**What this task involves:** Look through the material below and copy exactly the lines from the line with "(Pre-Cut 4.00 Mtr)Blue-Yellow" to the line with "Large and Bright", those two lines included.
═════ Dataset records
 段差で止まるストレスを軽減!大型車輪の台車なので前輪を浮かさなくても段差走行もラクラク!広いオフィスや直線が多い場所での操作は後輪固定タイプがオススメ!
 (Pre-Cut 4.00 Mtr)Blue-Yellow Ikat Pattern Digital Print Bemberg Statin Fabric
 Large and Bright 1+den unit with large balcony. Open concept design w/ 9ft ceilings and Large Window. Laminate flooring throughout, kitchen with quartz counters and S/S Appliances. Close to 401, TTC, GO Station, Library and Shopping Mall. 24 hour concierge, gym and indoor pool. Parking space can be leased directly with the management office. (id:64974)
══════════
═════ Dataset records
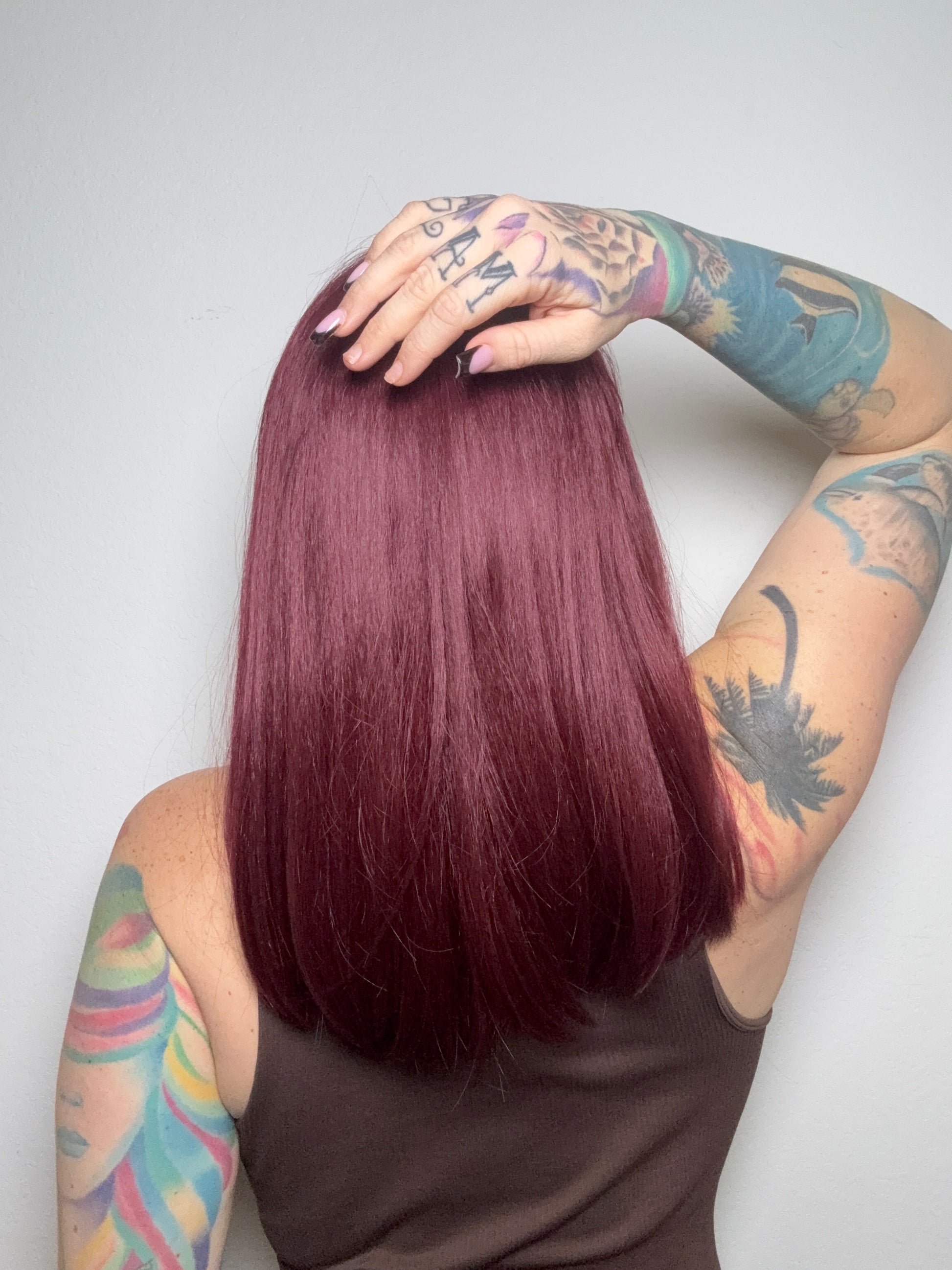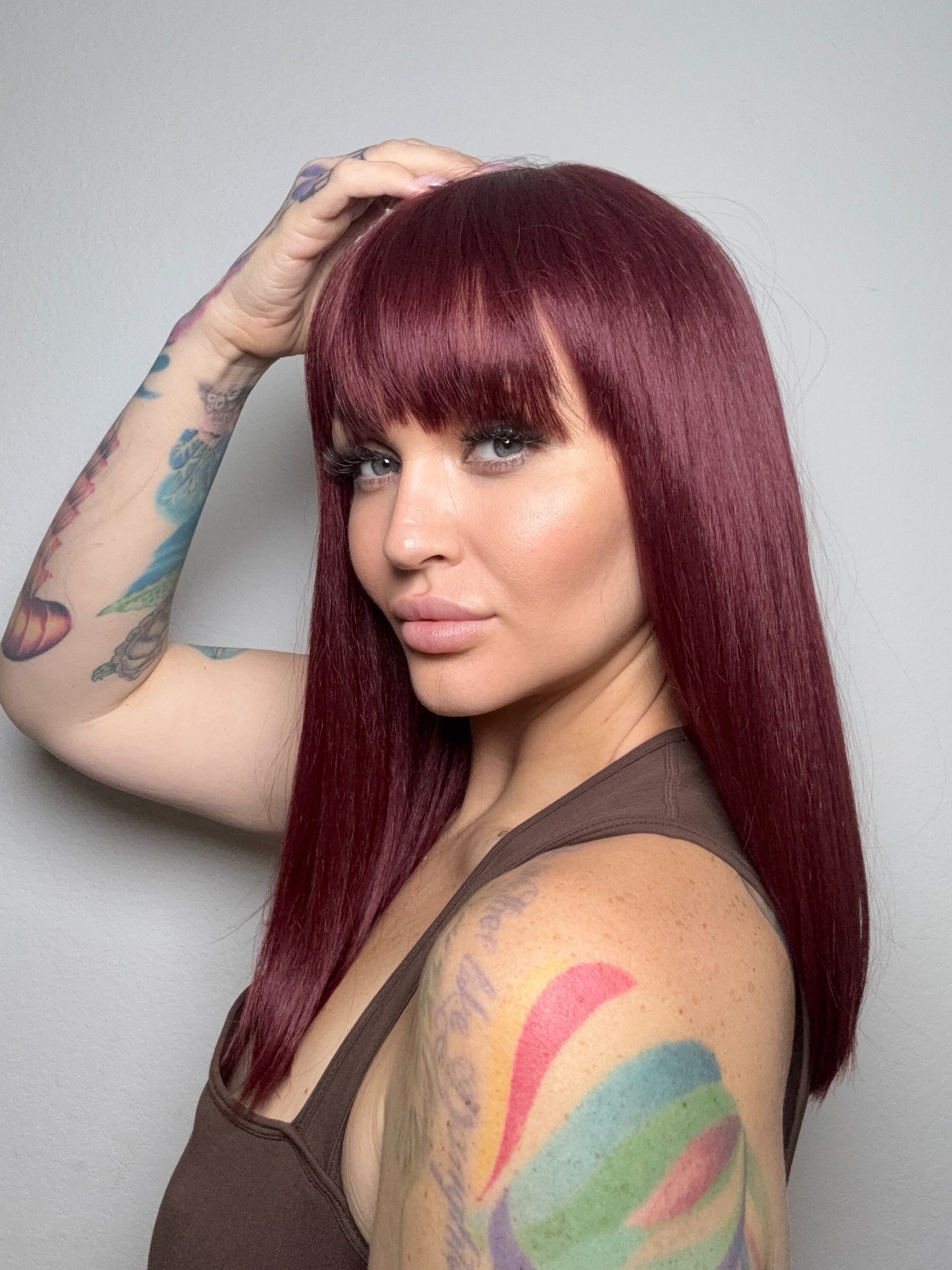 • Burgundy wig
══════════
═════ Dataset records
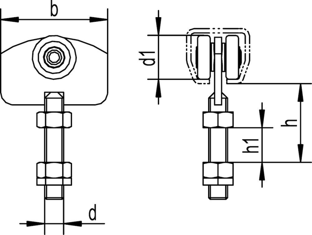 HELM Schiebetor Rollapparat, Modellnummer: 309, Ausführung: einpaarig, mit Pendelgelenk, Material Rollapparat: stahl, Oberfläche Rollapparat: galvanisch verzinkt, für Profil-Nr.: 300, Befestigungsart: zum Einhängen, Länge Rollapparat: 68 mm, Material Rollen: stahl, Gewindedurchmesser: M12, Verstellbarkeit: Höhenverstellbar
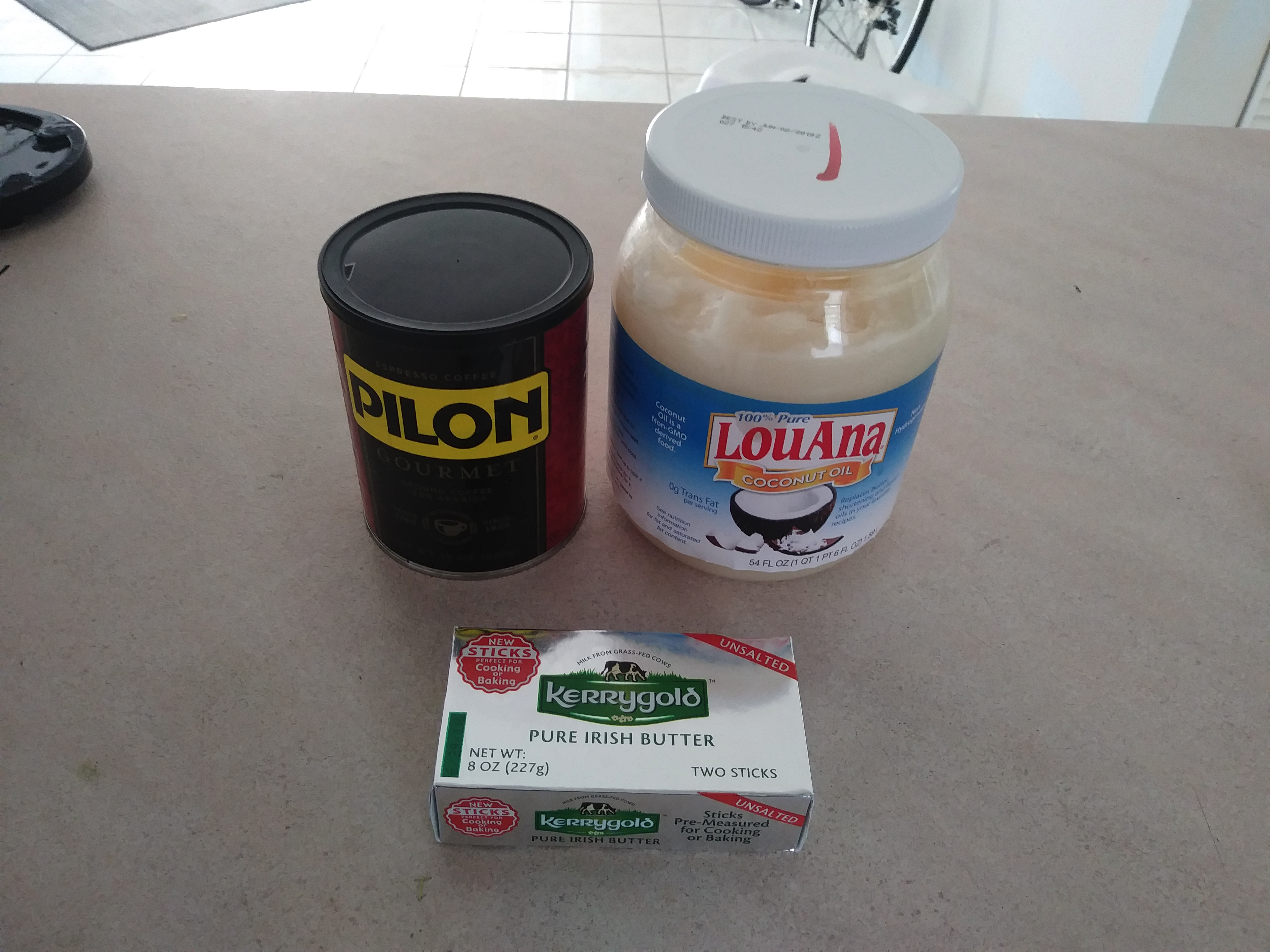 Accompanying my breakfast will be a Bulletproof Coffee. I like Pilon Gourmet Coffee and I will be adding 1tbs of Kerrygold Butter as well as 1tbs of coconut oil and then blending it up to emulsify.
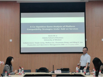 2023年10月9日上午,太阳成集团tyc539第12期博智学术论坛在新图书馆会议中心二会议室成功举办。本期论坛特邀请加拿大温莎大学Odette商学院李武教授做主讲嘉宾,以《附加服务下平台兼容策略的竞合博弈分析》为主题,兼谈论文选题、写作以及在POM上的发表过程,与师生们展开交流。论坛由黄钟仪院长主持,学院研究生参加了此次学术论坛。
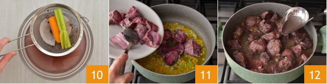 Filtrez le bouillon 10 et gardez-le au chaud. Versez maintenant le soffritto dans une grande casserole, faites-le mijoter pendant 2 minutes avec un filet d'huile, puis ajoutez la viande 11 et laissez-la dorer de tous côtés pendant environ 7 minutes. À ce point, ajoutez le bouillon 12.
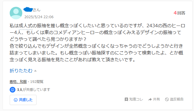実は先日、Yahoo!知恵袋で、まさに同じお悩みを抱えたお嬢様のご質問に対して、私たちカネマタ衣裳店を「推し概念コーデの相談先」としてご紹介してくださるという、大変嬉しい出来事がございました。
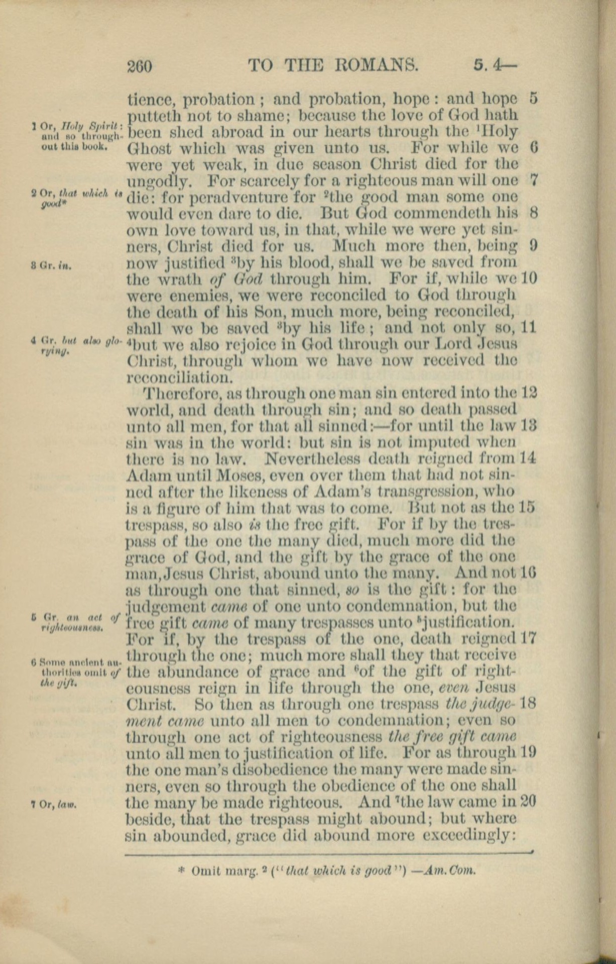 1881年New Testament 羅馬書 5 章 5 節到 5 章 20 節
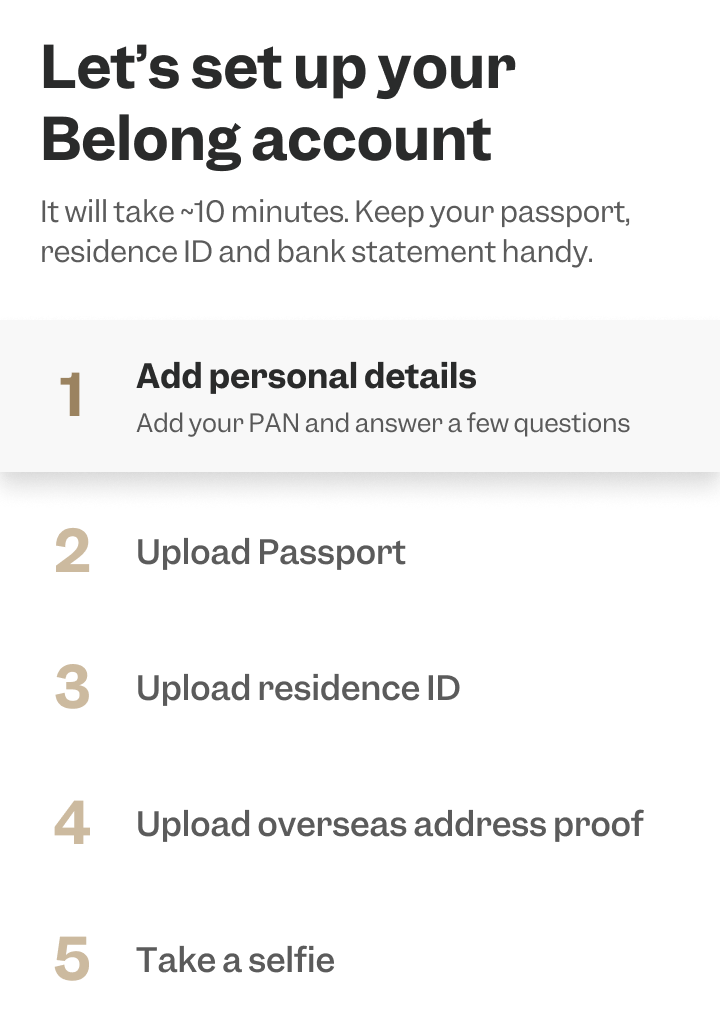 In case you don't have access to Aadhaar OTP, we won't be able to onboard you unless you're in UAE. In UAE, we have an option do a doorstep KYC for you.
══════════
**Solution for this exercise:**
 (Pre-Cut 4.00 Mtr)Blue-Yellow Ikat Pattern Digital Print Bemberg Statin Fabric
 Large and Bright 1+den unit with large balcony. Open concept design w/ 9ft ceilings and Large Window. Laminate flooring throughout, kitchen with quartz counters and S/S Appliances. Close to 401, TTC, GO Station, Library and Shopping Mall. 24 hour concierge, gym and indoor pool. Parking space can be leased directly with the management office. (id:64974)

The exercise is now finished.